Author : Badredine Arfi
Publisher : Indiana University Press
Page : 330 pages
File Size : 38,49 MB
Release : 2005-02-23
Category : Social Science
ISBN : 9780253111333
"[A]n important contribution to scholarship.... rigorous and intelligible." -- Patrick James, University of Missouri International Change and the Stability of Multiethnic States contributes to the debate over ethnic conflict and cooperation in multiethnic states destabilized by the changing environment of the post--Cold War era, proposing a new way of viewing and dealing with these problems. Through an analysis of important moments in the history of two prominent multiethnic societies -- the former Yugoslavia and Lebanon -- in which nonstate actors such as communal groups played important roles in events that determined the fates of both states, Badredine Arfi builds a general theory of how the governance of multiethnic societies is transformed under changing international conditions. His work provides new insights on how policymaking can be improved to respond to the challenges posed by the creation, maintenance, transformation, and, when it occurs, collapse of state governance in multiethnic societies. This timely work will interest scholars of international relations and comparative politics, regional specialists, policymakers, and activists.

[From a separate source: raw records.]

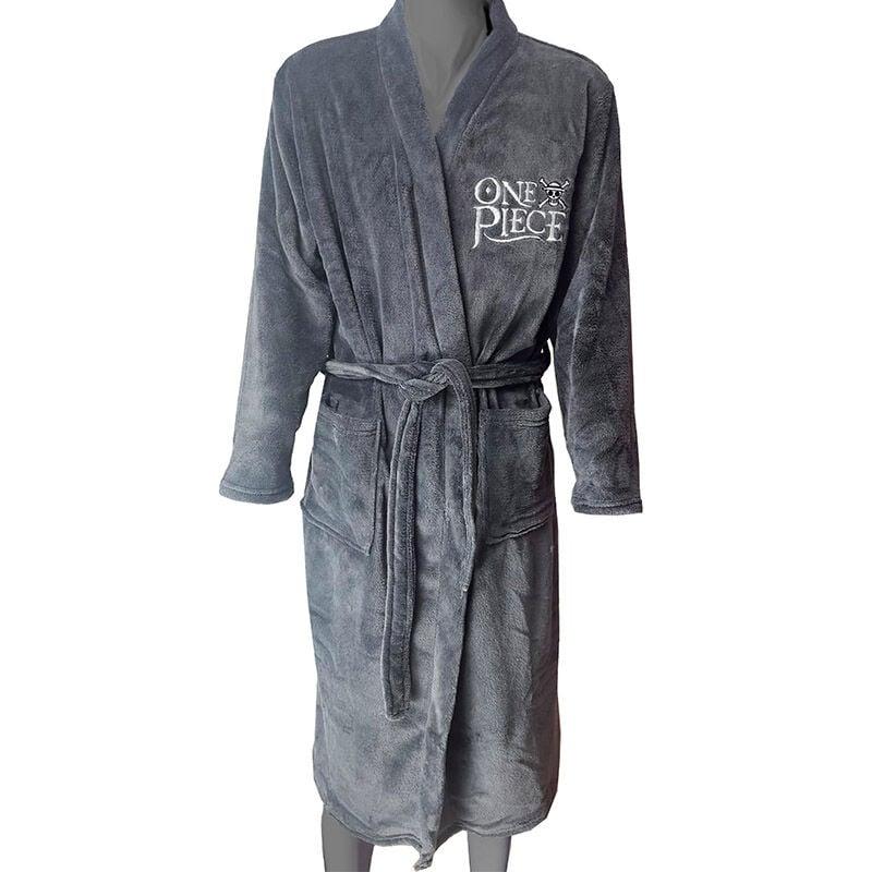 Surca los mares con comodidad con esta bata estilo albornoz de One Piece, perfecta para los verdaderos nakamas. De color gris oscuro y con el logo bordado de One Piece junto a la insignia pirata negra, combina estilo y calidez en una prenda imprescindible para el descanso.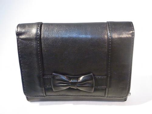 クールでかっこいいブラックの中に、リボンがアクセント!甘辛MIXな二つ折り財布です。かわいいだけじゃなく、収納力も抜群です。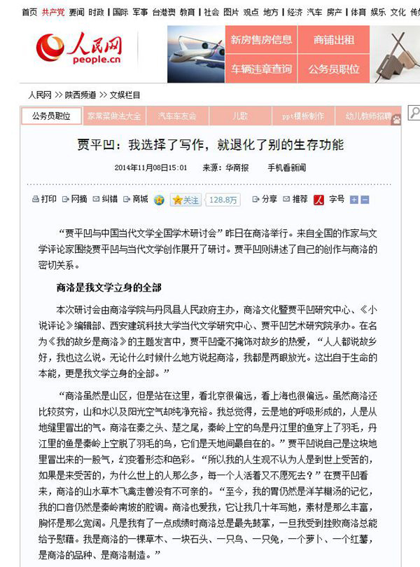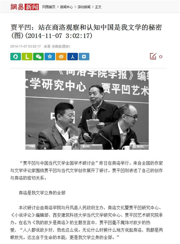 新浪:《百名学者齐聚商洛 研讨“贾平凹与中国当代文学”》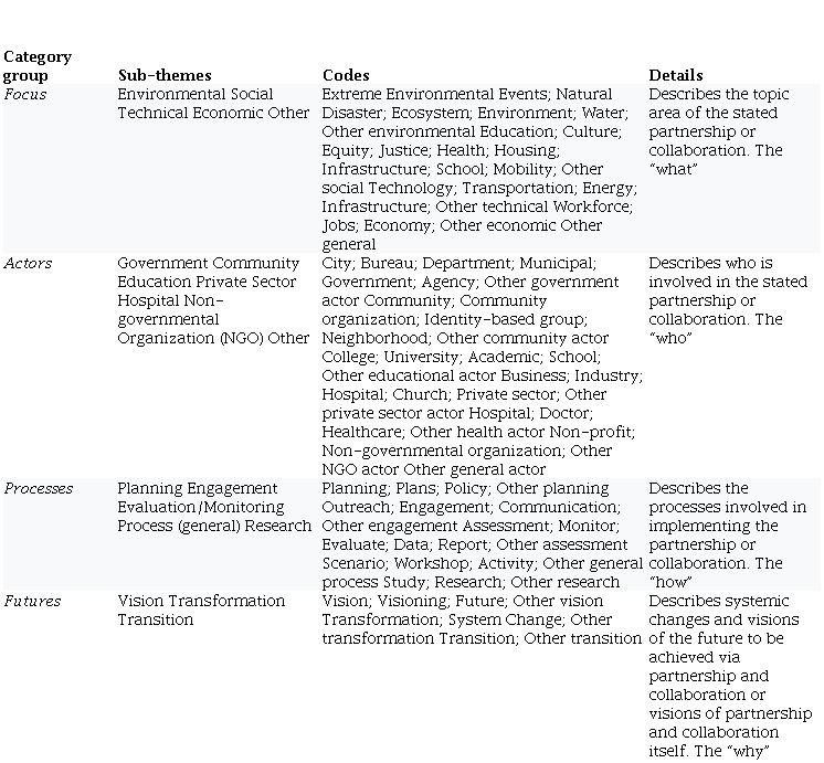 A description of an observed phenomenon's distinctive nature and features must be generated to characterize it. Therefore, a document content analysis was used to analyze proposed P&Cs within the 16 US city's resilience planning documents following methods outlined by Vaismoradi, Turunen, and Bondas (2013). The urban resilience planning documents were closely read to find sections where the documents discussed P&Cs, and this identified text was analyzed. Coded categories were derived directly from the text data and then sorted into sub-theme and overall category groups (Table 2). Five district category groups emerged where P&Cs were mentioned and defined: actors (who is involved in the partnership action), process (how the partnership is implemented), focus (what is the topic area of the partnership) and futures (why the partnership is needed). Co-occurrence tables were generated to understand better the full context of the proposed P&Cs, as well as a cross-city comparison to draw out the most prevalent similarities and differences in approach to resilience P&Cs across the 16 cities in the USA.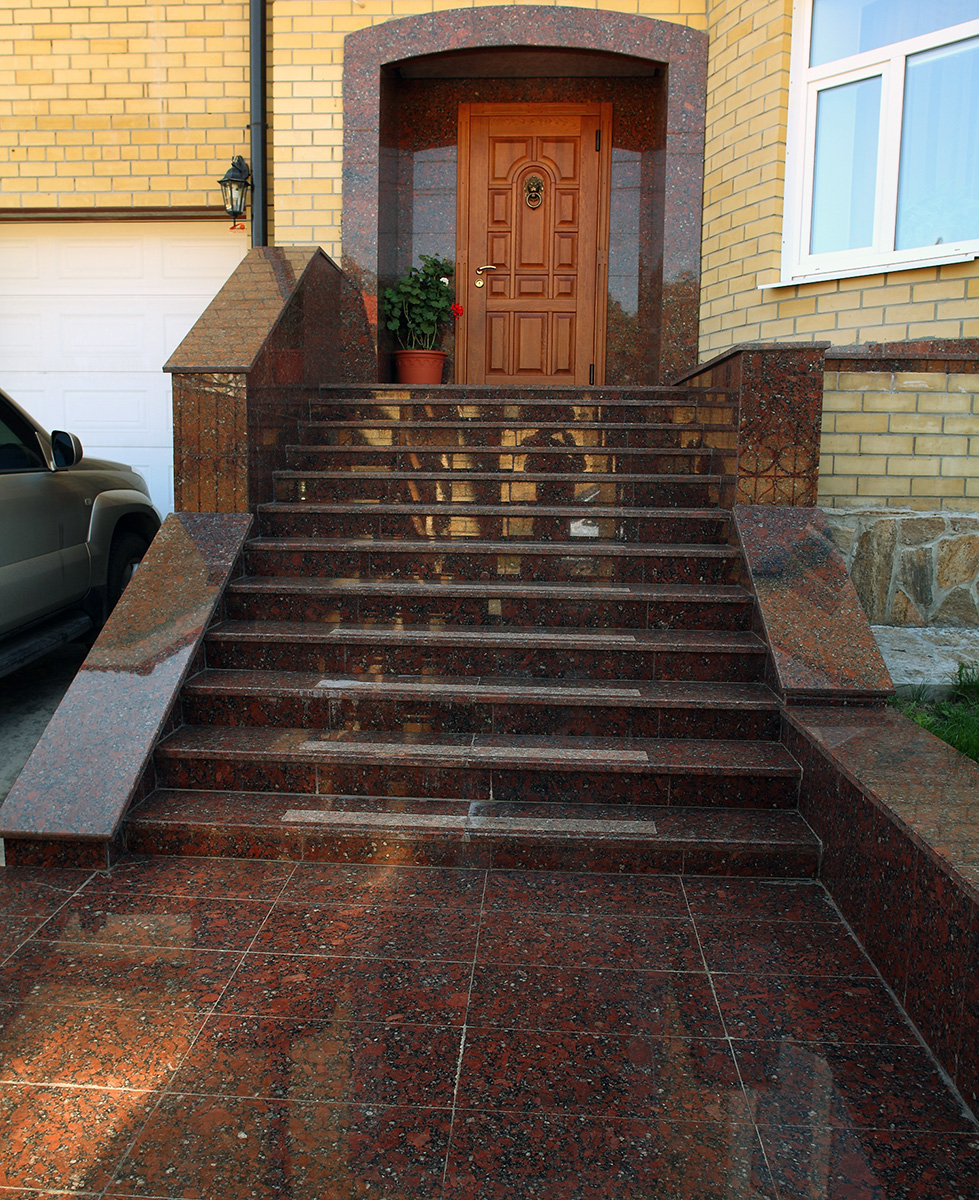 Гранитные лестницы очень часто можно увидеть при входе в офисы, рестораны и гостиницы. Такие ступени выглядят дорого и говорят о статусе организации. Для большей безопасности на край каждой ступени крепится резиновая полова или делаются специальные полосы.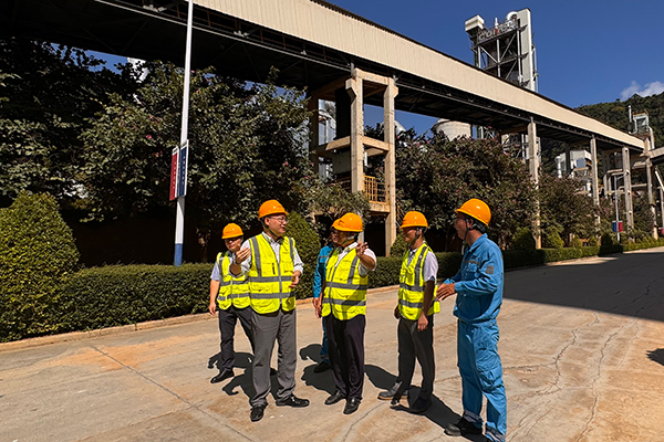 張社平總領事一行先后參觀了礦山、窯廣場、水泥發運區域、化驗室和中控室,公司總經理閻加軍向其詳細介紹了公司礦山開采、水泥生產工藝、質量控制等方面情況。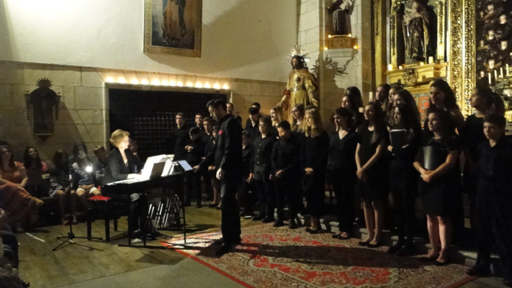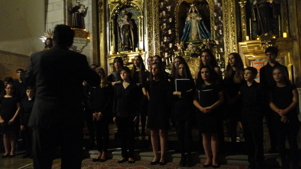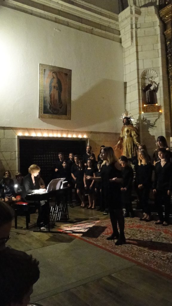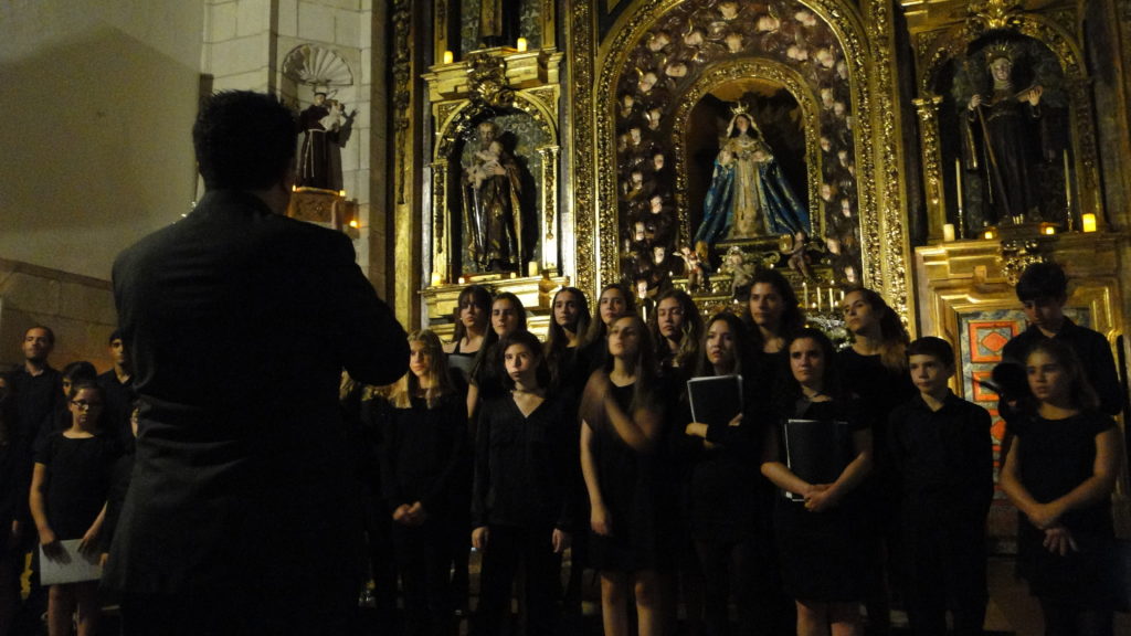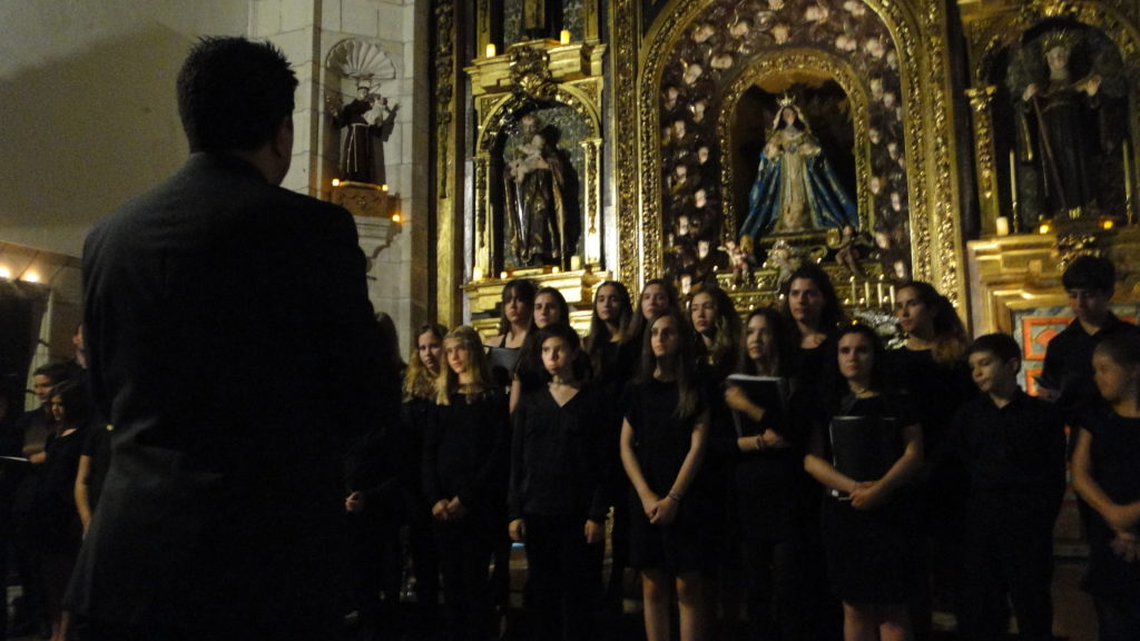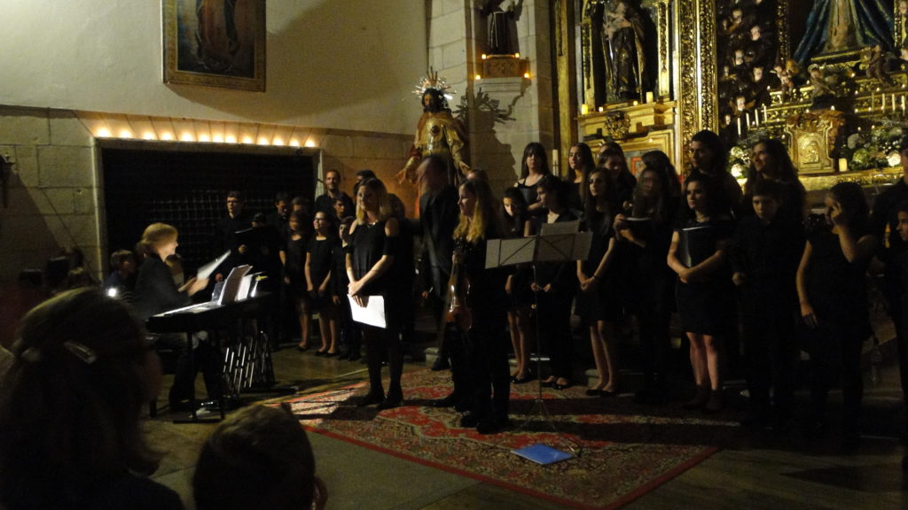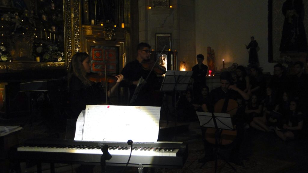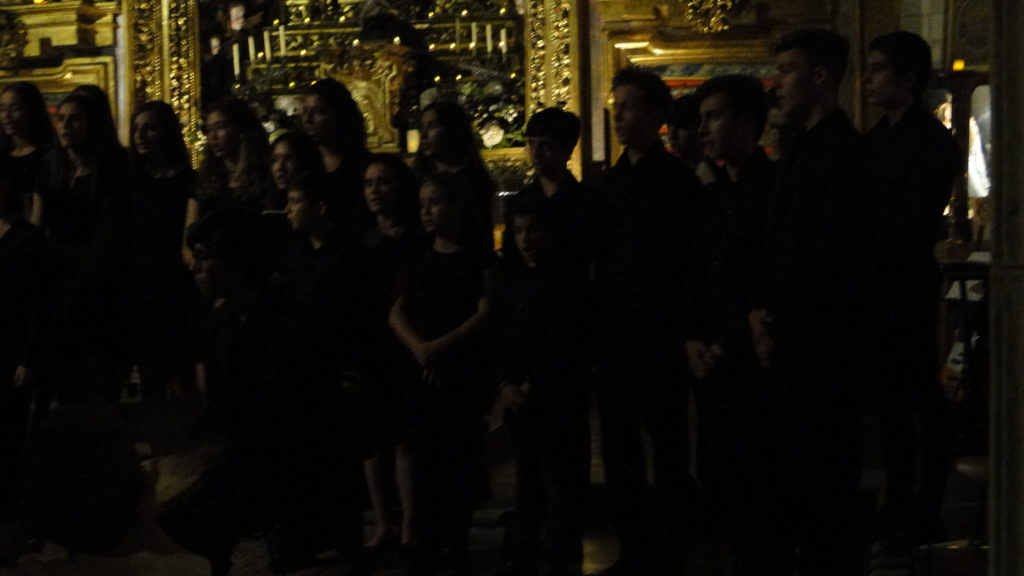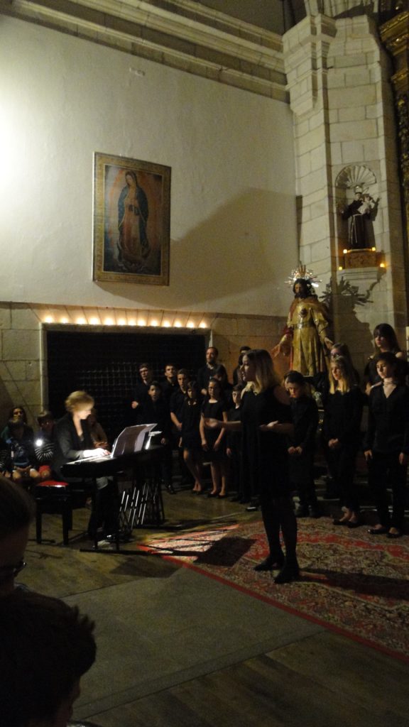 A seguir, unha desas cousas que só se lle poden ocorrer a Pablo Carballido: subir a Romeu, Jaime e Alex a cantar o trío dos xenios da ópera Die Zauberflöte (a frauta máxica) ao retablo da igrexa. Desde logo, era un bo sitio para proxectar a voz!

Author : Robert Stewart-Ingersoll
Publisher : Routledge
Page : 295 pages
File Size : 21,42 MB
Release : 2012
Category : History
ISBN : 0415569192
This book presents a new theoretical framework through which to understand the role of regional powers in creating and maintaining regional security orders. As a result of the retreat of the global powers since the end of the Cold War, it has become clear that international security dynamics are less explicable without considering the regional level as a primary focus for most states. The authors contend that these dynamics, which include the identification, management and prevention of security threats, are heavily influenced by regional powers. The regional level in this text is defined on the basis of regional sub-systems, more specifically Regional Security Complexes. Within this context, the authors utilize their framework to address how security orders are defined and how regional powers are identified. The focus then turns to an analysis of how the roles and foreign policy orientations of regional powers, conditioned by the presence of material capabilities, affect the development of regional security orders. The authors then present a comparative analysis of Russia, Brazil and India within their own security complexes to demonstrate an application of the framework. This book will be of interest to students of regional security, international security, foreign policy and International Relations in general.